**Instructions to follow:**
Within the listing below, please copy exactly the lines between the line holding "원스텝뉴스 천규영 기자" and the line holding "Anillos de ligadura ortodóntica", inclusive.

**Dataset extract:**
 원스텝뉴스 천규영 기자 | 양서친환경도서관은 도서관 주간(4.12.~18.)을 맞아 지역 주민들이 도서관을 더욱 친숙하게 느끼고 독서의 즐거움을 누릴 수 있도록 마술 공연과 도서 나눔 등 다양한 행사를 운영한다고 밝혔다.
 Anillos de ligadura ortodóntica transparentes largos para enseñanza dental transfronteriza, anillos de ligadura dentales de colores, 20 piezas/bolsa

...

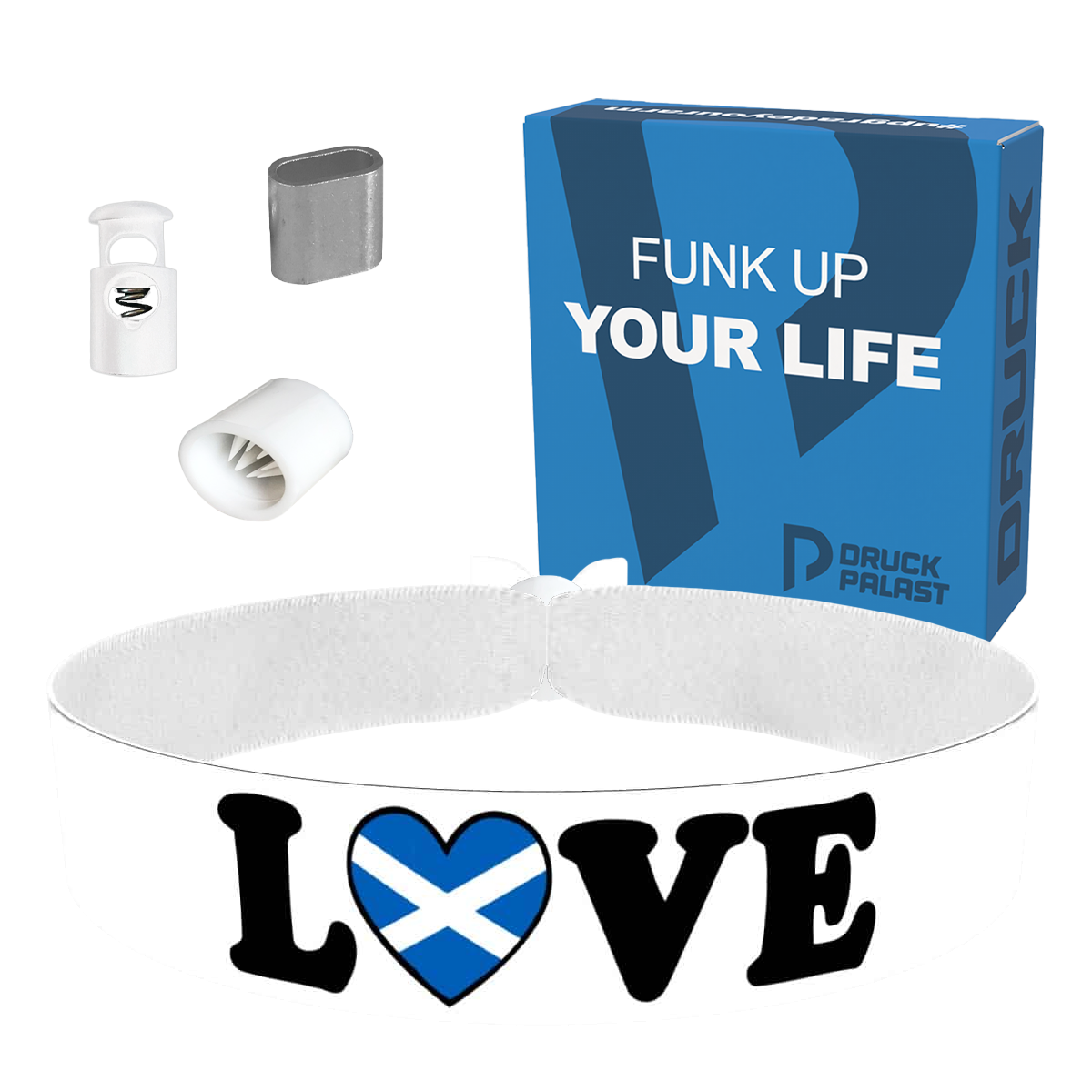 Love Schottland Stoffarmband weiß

**Output for this task:**
 원스텝뉴스 천규영 기자 | 양서친환경도서관은 도서관 주간(4.12.~18.)을 맞아 지역 주민들이 도서관을 더욱 친숙하게 느끼고 독서의 즐거움을 누릴 수 있도록 마술 공연과 도서 나눔 등 다양한 행사를 운영한다고 밝혔다.
 Anillos de ligadura ortodóntica transparentes largos para enseñanza dental transfronteriza, anillos de ligadura dentales de colores, 20 piezas/bolsa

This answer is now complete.